Electronic Thesis and Dissertation Repository

Degree

Master of Engineering Science

Program

Biomedical Engineering

Supervisor

Peters, Terry M.

Abstract

Mitral Valve Disease (MVD) describes a variety of pathologies that result in regurgitation of blood during the systolic phase of the cardiac cycle. Decisions in valvular disease management rely heavily on non-invasive imaging. Transesophageal echocardiography (TEE) is widely recognized as the key evaluation technique where backflow of high velocity blood can be visualized under Doppler. In most cases, TEE imaging is adequate for identifying mitral valve pathology, though the modality is often limited from signal dropout, artifacts and a restricted field of view. Quantitative analysis is an integral part of the overall assessment of valve morphology and gives objective evidence for both classification and guiding intervention of regurgitation. In addition, patient-specific models derived from diagnostic TEE images allow clinicians to gain insight into uniquely intricate anatomy prior to surgery. However, the heavy reliance on TEE segmentation for diagnosis and modelling has necessitated an evaluation of the accuracy of the oft-used mitral valve imaging modality.

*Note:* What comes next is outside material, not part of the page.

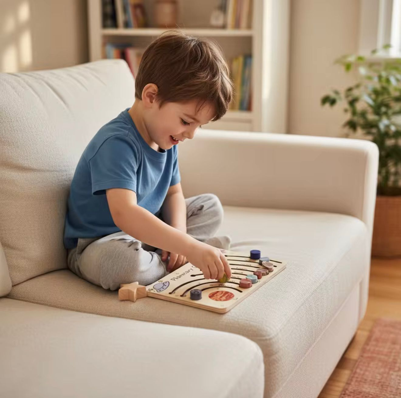 Jucărie educativă din lemn cu tematică spaţială care încurajează recunoașterea formelor și dezvoltarea motricității fine: 8 planete mobile ce pot fi alunecate pe trasee corespunzătoare orbitelor. Perfectă pentru joacă independentă și activități senzoriale.
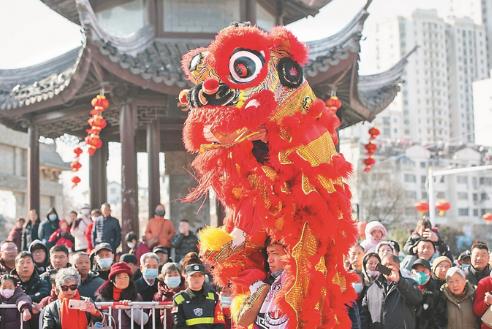 2月17日,民间艺人在淮安市清江浦区里运河文化长廊进行舞狮舞龙表演。 贺敬华 摄

Dynamic cardiac 4D-Computed Tomography (4D-CT) is emerging as a valuable tool for diagnosis, quantification and assessment of cardiac diseases. This modality has the potential to provide a high quality rendering of the mitral valve and subvalvular apparatus, to provide a more complete picture of the underlying morphology. However, application of dynamic CT to mitral valve imaging is especially challenging due to the large and rapid motion of the valve leaflets. It is therefore necessary to investigate the accuracy and level of precision by which dynamic CT captures mitral valve motion throughout the cardiac cycle. To do this, we design and construct a silicone and bovine quasi-static mitral valve phantom which can simulate a range of ECG-gated heart rates and reproduce physiologic valve motion over the cardiac cycle. In this study, we discovered that the dynamic CT accurately captures the underlying valve movement, but with a higher prevalence of image artifacts as leaflet and chordae motion increases due to elevated heart rates.

In a subsequent study, we acquire simultaneous CT and TEE images of both a silicone mitral valve phantom and an iodine-stained bovine mitral valve. We propose a pipeline to use CT as the ground truth to study the relationship between TEE intensities and the underlying valve morphology. Preliminary results demonstrate that with an optimized threshold selection based solely on TEE pixel intensities, only 40\% of pixels are correctly classified as part of the valve. In addition, we have shown that emphasizing the centre-line rather than the boundaries of high intensity TEE image regions provides a better representation and segmentation of the valve morphology. This work has the potential to inform and augment the use of TEE for diagnosis and modelling of the mitral valve in the clinical workflow for MVD.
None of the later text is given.